Let’s #TakeASample right now!

How many of you can curl your tongue?

— Science Friday (@scifri) April 21, 2016

Before getting carried away and rashly touting to the world that 81% of Science Friday’s Twitter followers (640,000 humans x 0.81 = 491,000 humans!) can curl their tongue, we thought it prudent to ask a few data scientists who specialize in polling and social media data if there was anything we overlooked. Is there a hidden influence or a flaw in our sample design that could bias our results? As it turns out, like any kind of survey or poll, polling in the Twittersphere is just not that simple, and most experts agreed that our Twitter sample was probably marred by bias and therefore unrepresentative of our total Twitter follower population.
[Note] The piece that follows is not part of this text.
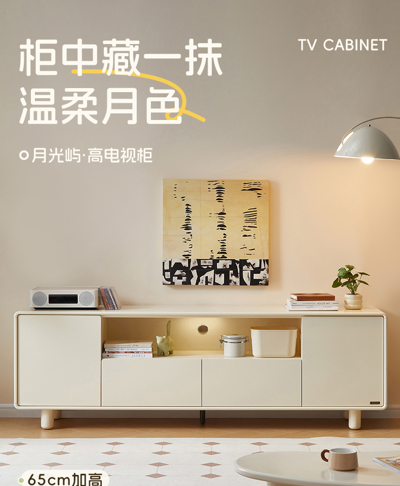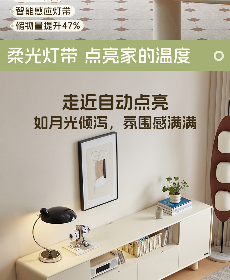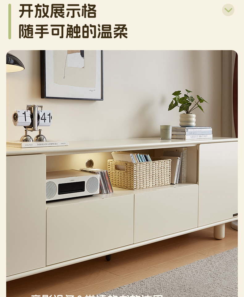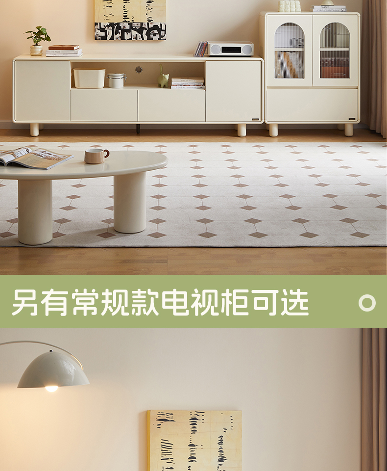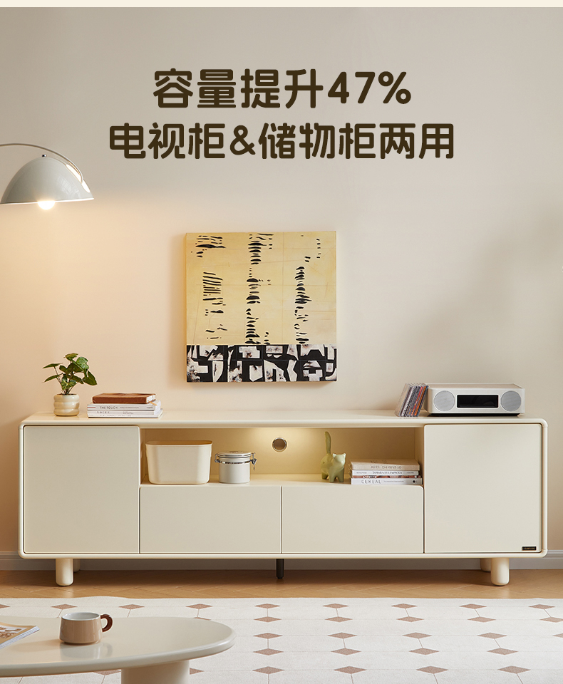 全友家居奶油风智能充电组合电视柜客厅2025新款收纳储物柜一体

In no particular order, here’s a handful of reasons why our Twitter poll doesn’t quite pass muster:

People didn’t know what, exactly, we were talking about.
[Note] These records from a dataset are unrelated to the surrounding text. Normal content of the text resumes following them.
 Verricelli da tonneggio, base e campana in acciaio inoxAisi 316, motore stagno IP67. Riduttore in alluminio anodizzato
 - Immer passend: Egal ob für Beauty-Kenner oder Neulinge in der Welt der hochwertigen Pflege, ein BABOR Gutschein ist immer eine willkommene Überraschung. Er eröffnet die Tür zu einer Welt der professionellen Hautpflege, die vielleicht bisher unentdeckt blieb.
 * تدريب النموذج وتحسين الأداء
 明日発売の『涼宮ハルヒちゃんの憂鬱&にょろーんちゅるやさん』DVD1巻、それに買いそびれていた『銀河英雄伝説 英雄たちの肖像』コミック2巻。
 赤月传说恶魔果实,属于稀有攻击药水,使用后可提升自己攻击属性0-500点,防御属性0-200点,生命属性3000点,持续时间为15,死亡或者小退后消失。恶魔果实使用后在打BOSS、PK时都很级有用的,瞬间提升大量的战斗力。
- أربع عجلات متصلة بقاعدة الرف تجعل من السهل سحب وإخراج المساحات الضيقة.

Curl your tongue? How? Side-to-side like a taco or front-to-back like a wave? We didn’t offer a picture or description of what we meant by “curl your tongue,” so it’s possible that some people didn’t respond because they didn’t know what we meant, or they responded incorrectly because they misunderstood what counted as tongue-curling and what didn’t. Some of the replies to our tweet suggest that our question could have been clearer:

@scifri photo example please?

— El Boxeador (@returntovendor) April 21, 2016

@scifri Does this count? pic.twitter.com/j3jkmDbfKf

— Brendan A. Niemira (@Niemira) April 21, 2016

@scifri please specify to which axis your query is in reference

— Hal (@HalSherman) April 21, 2016

People didn’t respond because they were embarrassed or didn’t care.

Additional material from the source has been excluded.